BURNEY, Frances, a popular novelist of the last century, was the eldest daughter of the historian of music, and was

born at Lynn in Norfolk in 1752. In the ninth year of her age she accompanied her father to London, where, from the advantages of her position, she enjoyed excellent opportunities of observing the manners and characters of all classes of society. As soon as she could use the pen, which however was not very early, she began to write little stories for her own amusement and that of her sisters, but her stepmother (for Dr Burney's second marriage took place when Frances was in her sixteenth year) remonstrating against so dangerous a recreation, she abandoned it for a time. But the literary impulse was too strong to be permanently suppressed, and, in 1778, when Miss Burney was in her twenty-sixth year, Evelina appeared.

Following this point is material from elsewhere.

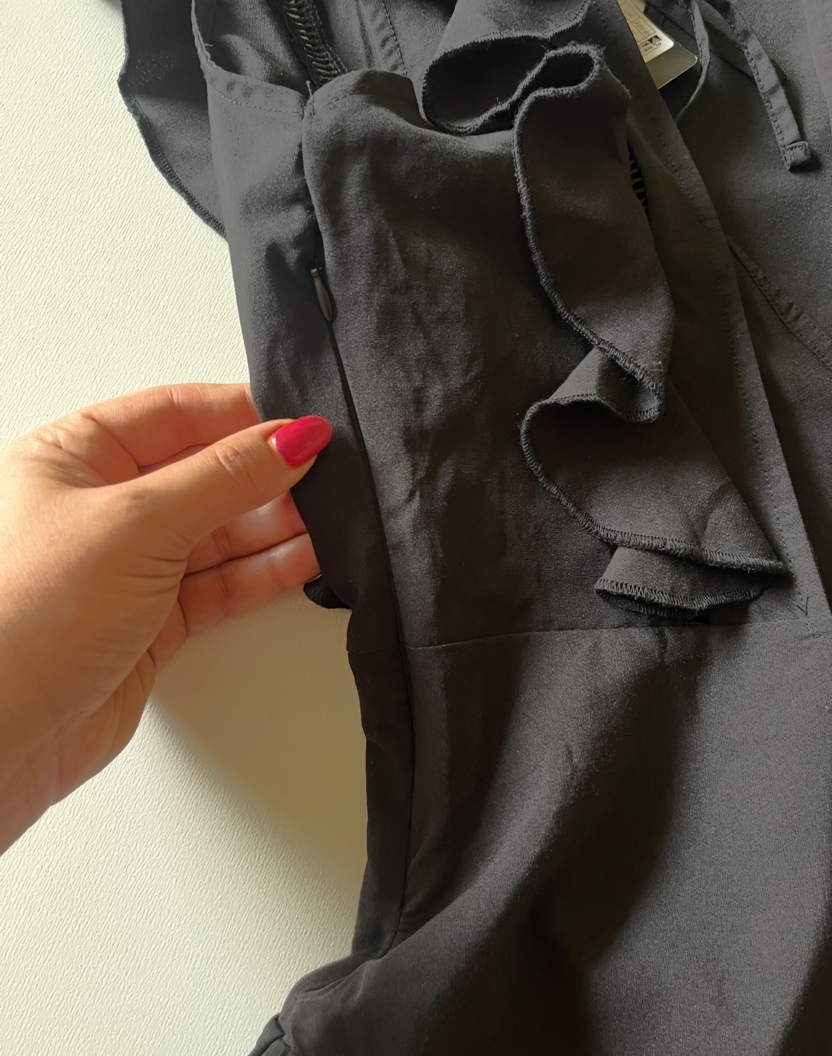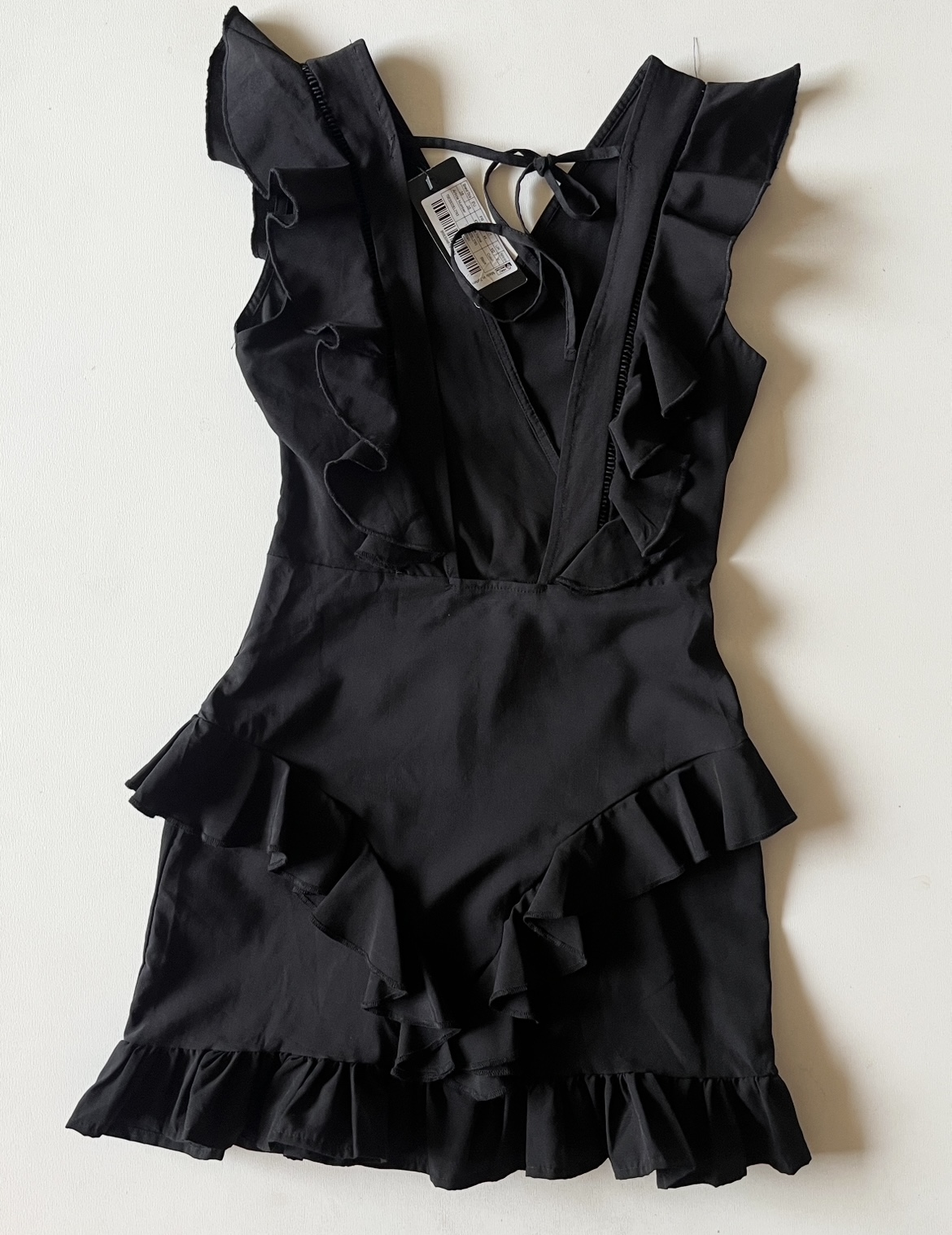 پیراهن زنانه مجلسی برند اصلی TRENDYOLمحصول TURKEY جنس کتان مدل آستین نصفه کوتاه و،خامه دوزی کارشده یقه هفت پشت باز کاملا مشکی بقل زیپ مخفی سایز کوچک تنپوش فوق العاده زیباکد7720

No novel since the days of Smollett had produced so great an effect on the public mind, or gained for its author so wide and rapid a popularity. Four years after appeared Cecilia, which amply sustained Miss Burney's reputation, and instantly took rank as an English classic. In 1785 she became one of the keepers of the robes to Queen Charlotte the consort of George III., a situation which she held for five years, and which gave her ample opportunities of observing and studying the manners of the court, and witnessing many of the historical incidents of the period. These she has recorded in her "Diary." In 1793 she married M. D'Arblay, an exiled officer of a French cavalry. Three years later she published her third novel, Camilla, for which it is said that she received no less a sum than 3000 guineas. It is generally agreed that this work, though equal to its predecessors in humour and portraiture of character, is inferior to them in grace and purity of style. In 1803 she went over to Paris to join her husband, and did not again see her native country for ten years. In 1813 she returned in time to witness the demise of her father, who died in that year at the age of eighty-seven. In the following year she published her last novel, the Wanderer, a work which speedily and justly fell into oblivion. In 1832 she published her memoirs of her father, and in 1840 she died, in the eighty-eighth year of her age.